# [What to produce]
Without the pictures, copy all of the data exactly.

# [Dataset section]
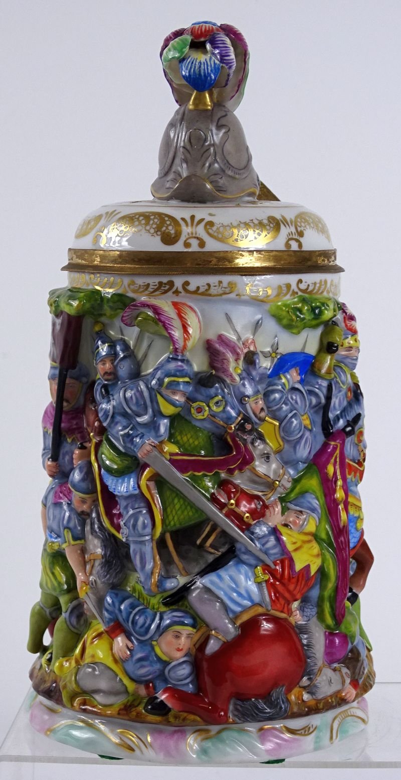 A porcelain stein, approximately 9 1/2 inches tall overall. Excellent condition, without chips or cracks. The base bears the Capo di Monte mark of a crown over an 'N', although the 'N' was not completely stamped. Near mint condition, without chips or cracks. The base had six small felt pads placed upon it to cushion it, those pads likely being removable.
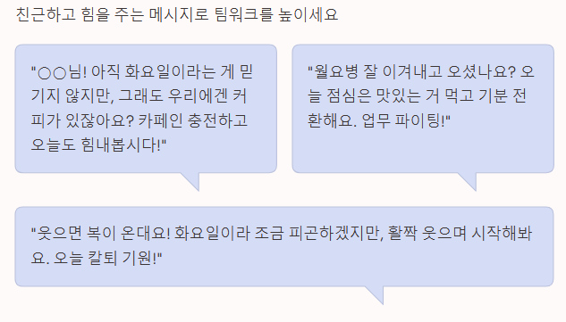 - "OO님! 아직 화요일이라는 게 믿기지 않지만, 그래도 우리에겐 커피가 있잖아요? 카페인 충전하고 오늘도 힘내봅시다! 파이팅!"
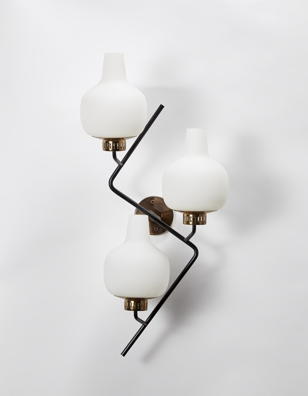 Stilnovo Applique a tre fiamme in metallo laccato nero, ottone e vetro lattimo incamiciato e acidato sulla superficie esterna. Milano, anni '50. (h cm 56) -EN Applique a tre fiamme in metallo laccato nero, ottone e vetro lattimo incamiciato e acidato sulla superficie esterna. Milano, anni '50. (h cm 56)
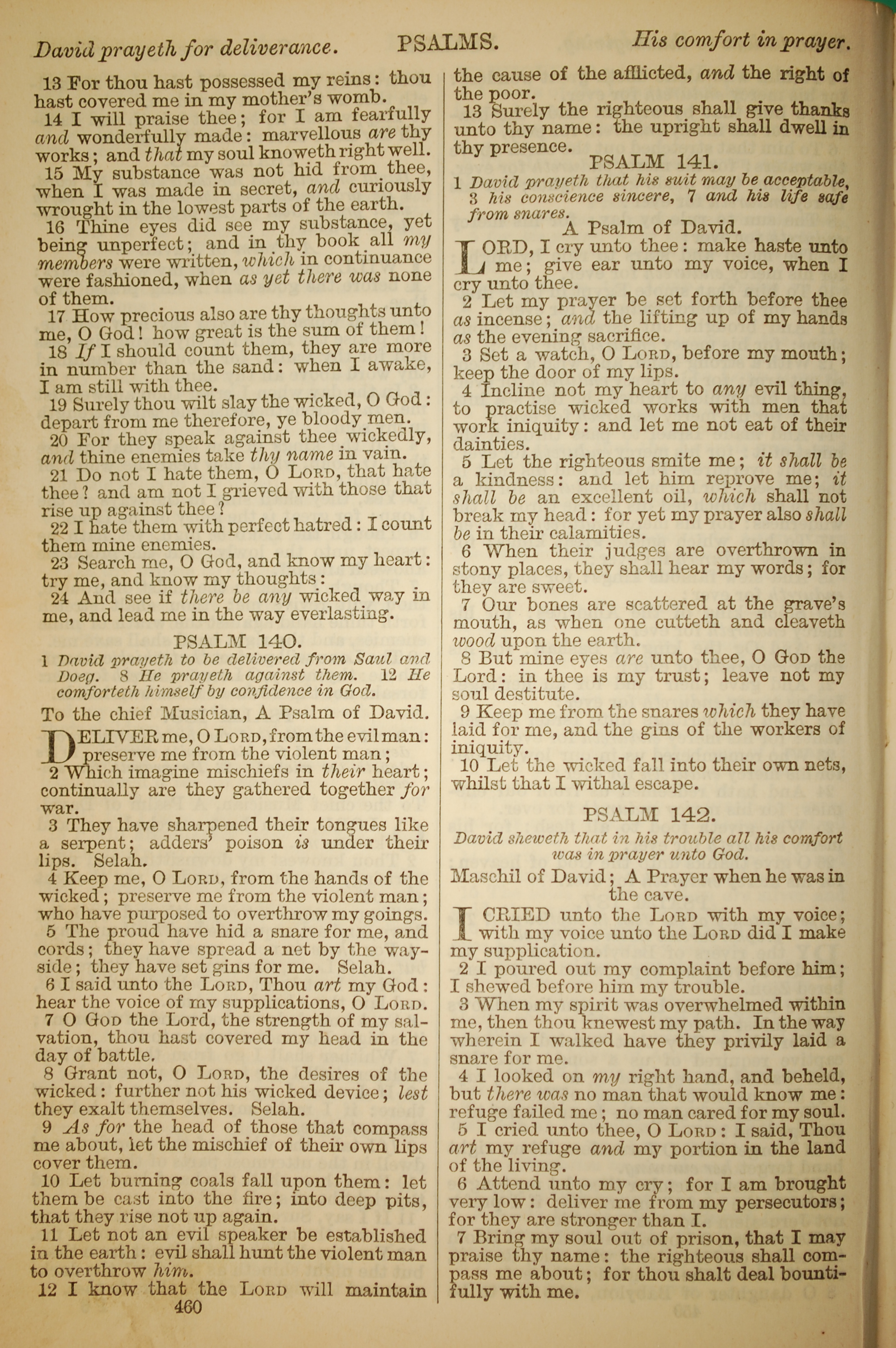 1886年英文聖經 詩篇 139 章 13 節到 142 章 7 節

# [Task answer]
 A porcelain stein, approximately 9 1/2 inches tall overall. Excellent condition, without chips or cracks. The base bears the Capo di Monte mark of a crown over an 'N', although the 'N' was not completely stamped. Near mint condition, without chips or cracks. The base had six small felt pads placed upon it to cushion it, those pads likely being removable.
 - "OO님! 아직 화요일이라는 게 믿기지 않지만, 그래도 우리에겐 커피가 있잖아요? 카페인 충전하고 오늘도 힘내봅시다! 파이팅!"
 Stilnovo Applique a tre fiamme in metallo laccato nero, ottone e vetro lattimo incamiciato e acidato sulla superficie esterna. Milano, anni '50. (h cm 56) -EN Applique a tre fiamme in metallo laccato nero, ottone e vetro lattimo incamiciato e acidato sulla superficie esterna. Milano, anni '50. (h cm 56)
 1886年英文聖經 詩篇 139 章 13 節到 142 章 7 節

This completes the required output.